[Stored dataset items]
+===+
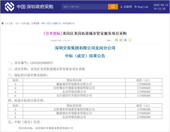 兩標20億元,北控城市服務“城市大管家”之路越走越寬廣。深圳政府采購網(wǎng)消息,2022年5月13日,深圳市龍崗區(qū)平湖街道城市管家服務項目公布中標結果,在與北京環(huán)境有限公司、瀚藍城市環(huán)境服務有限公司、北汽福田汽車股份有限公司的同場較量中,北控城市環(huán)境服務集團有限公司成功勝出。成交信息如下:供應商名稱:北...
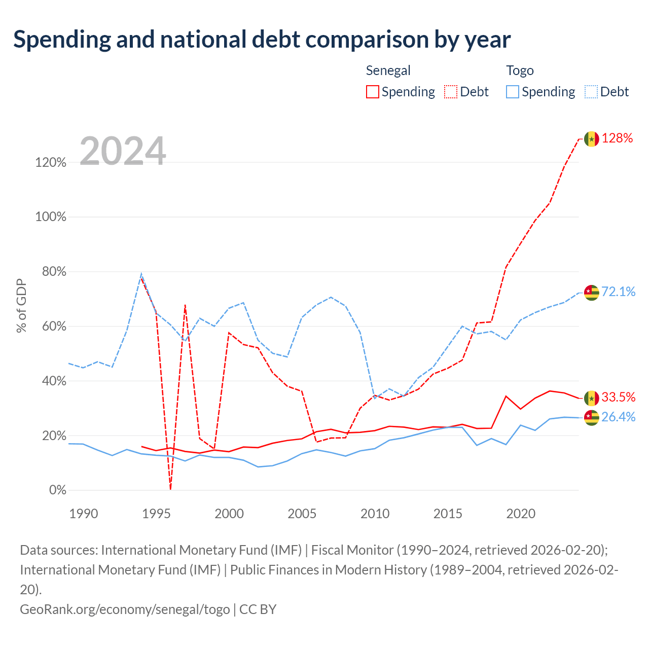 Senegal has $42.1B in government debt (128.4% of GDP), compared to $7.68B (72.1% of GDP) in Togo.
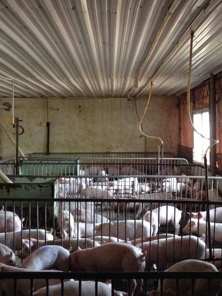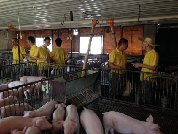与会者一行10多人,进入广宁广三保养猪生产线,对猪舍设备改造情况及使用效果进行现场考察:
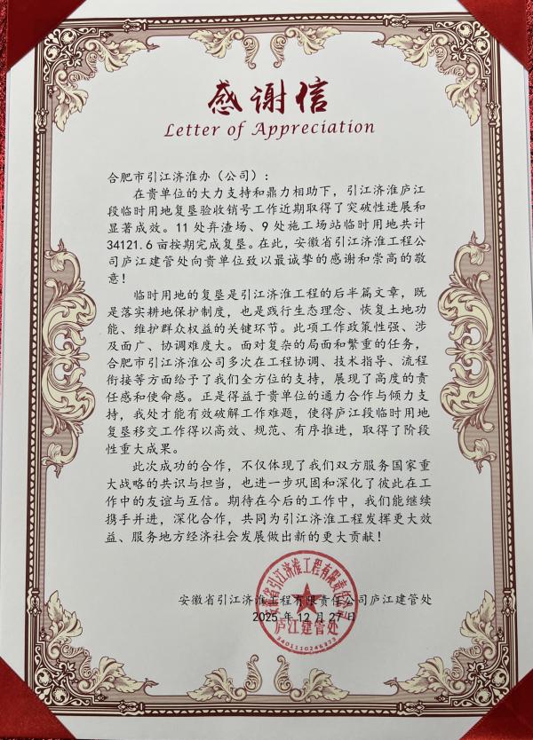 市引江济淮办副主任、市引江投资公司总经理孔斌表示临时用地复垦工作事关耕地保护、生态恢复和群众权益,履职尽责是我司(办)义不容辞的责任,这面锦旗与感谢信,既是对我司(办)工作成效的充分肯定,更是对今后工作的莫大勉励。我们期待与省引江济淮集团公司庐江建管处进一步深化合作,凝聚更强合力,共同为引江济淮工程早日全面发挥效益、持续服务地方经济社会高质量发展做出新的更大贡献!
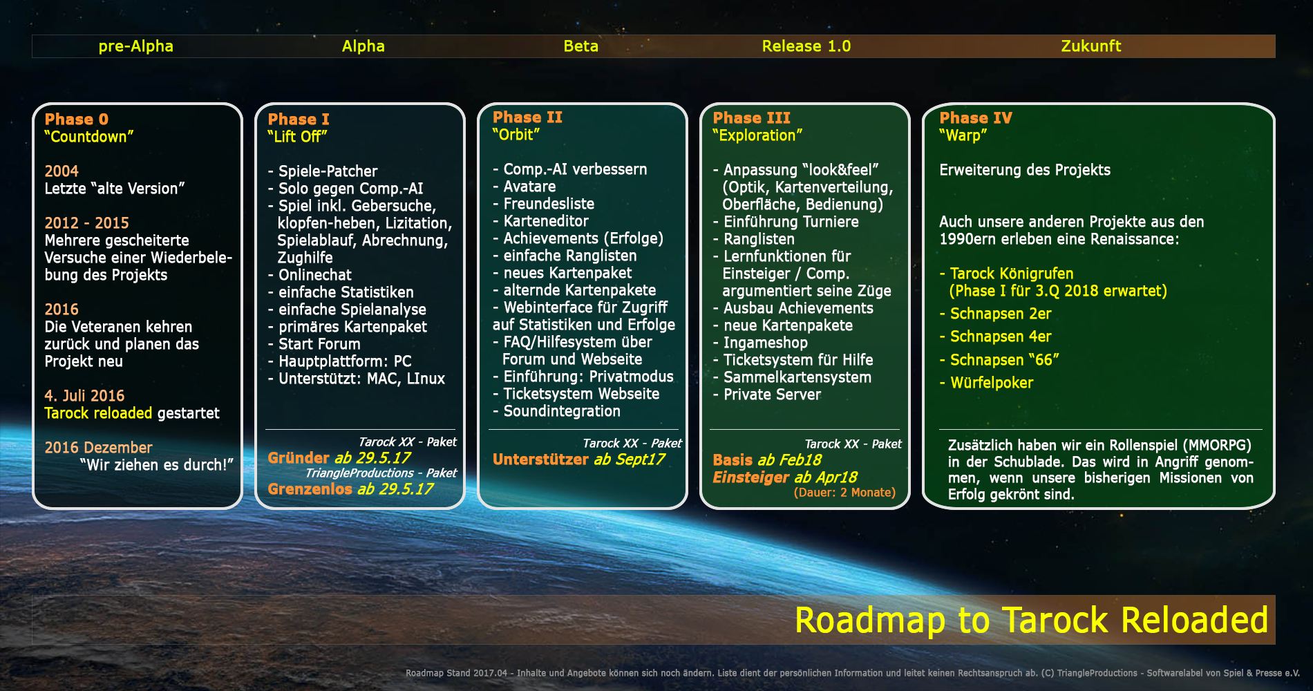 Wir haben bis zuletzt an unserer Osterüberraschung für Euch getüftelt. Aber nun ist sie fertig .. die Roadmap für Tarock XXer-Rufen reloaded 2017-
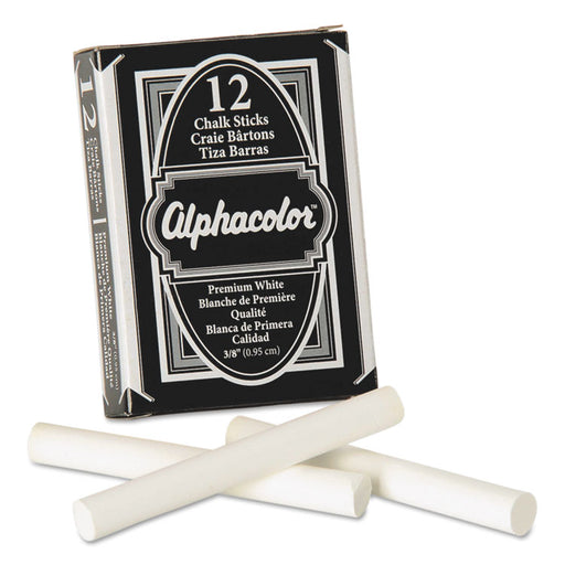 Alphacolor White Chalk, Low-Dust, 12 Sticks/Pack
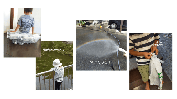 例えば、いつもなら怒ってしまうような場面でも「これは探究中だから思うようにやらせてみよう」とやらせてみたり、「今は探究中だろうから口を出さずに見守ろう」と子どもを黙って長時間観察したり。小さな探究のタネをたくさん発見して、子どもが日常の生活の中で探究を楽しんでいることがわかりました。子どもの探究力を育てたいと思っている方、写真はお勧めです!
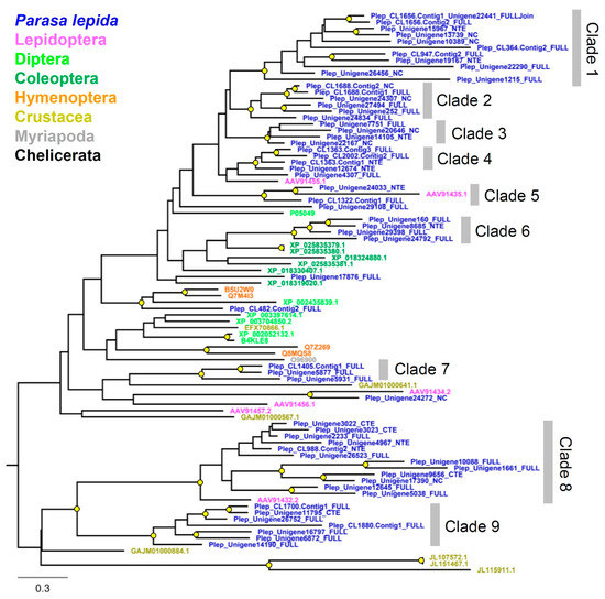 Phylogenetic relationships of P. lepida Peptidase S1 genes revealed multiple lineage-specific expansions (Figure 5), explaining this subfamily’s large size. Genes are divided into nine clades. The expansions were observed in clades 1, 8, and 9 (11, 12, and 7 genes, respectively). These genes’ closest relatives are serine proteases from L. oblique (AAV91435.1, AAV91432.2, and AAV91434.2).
+===+
__What is required__. Since only the text is wanted, repeat all the records above exactly and omit the pictures.

__Exercise output__.
 兩標20億元,北控城市服務“城市大管家”之路越走越寬廣。深圳政府采購網(wǎng)消息,2022年5月13日,深圳市龍崗區(qū)平湖街道城市管家服務項目公布中標結果,在與北京環(huán)境有限公司、瀚藍城市環(huán)境服務有限公司、北汽福田汽車股份有限公司的同場較量中,北控城市環(huán)境服務集團有限公司成功勝出。成交信息如下:供應商名稱:北...
 Senegal has $42.1B in government debt (128.4% of GDP), compared to $7.68B (72.1% of GDP) in Togo.
与会者一行10多人,进入广宁广三保养猪生产线,对猪舍设备改造情况及使用效果进行现场考察:
 市引江济淮办副主任、市引江投资公司总经理孔斌表示临时用地复垦工作事关耕地保护、生态恢复和群众权益,履职尽责是我司(办)义不容辞的责任,这面锦旗与感谢信,既是对我司(办)工作成效的充分肯定,更是对今后工作的莫大勉励。我们期待与省引江济淮集团公司庐江建管处进一步深化合作,凝聚更强合力,共同为引江济淮工程早日全面发挥效益、持续服务地方经济社会高质量发展做出新的更大贡献!
 Wir haben bis zuletzt an unserer Osterüberraschung für Euch getüftelt. Aber nun ist sie fertig .. die Roadmap für Tarock XXer-Rufen reloaded 2017-
 Alphacolor White Chalk, Low-Dust, 12 Sticks/Pack
 例えば、いつもなら怒ってしまうような場面でも「これは探究中だから思うようにやらせてみよう」とやらせてみたり、「今は探究中だろうから口を出さずに見守ろう」と子どもを黙って長時間観察したり。小さな探究のタネをたくさん発見して、子どもが日常の生活の中で探究を楽しんでいることがわかりました。子どもの探究力を育てたいと思っている方、写真はお勧めです!
 Phylogenetic relationships of P. lepida Peptidase S1 genes revealed multiple lineage-specific expansions (Figure 5), explaining this subfamily’s large size. Genes are divided into nine clades. The expansions were observed in clades 1, 8, and 9 (11, 12, and 7 genes, respectively). These genes’ closest relatives are serine proteases from L. oblique (AAV91435.1, AAV91432.2, and AAV91434.2).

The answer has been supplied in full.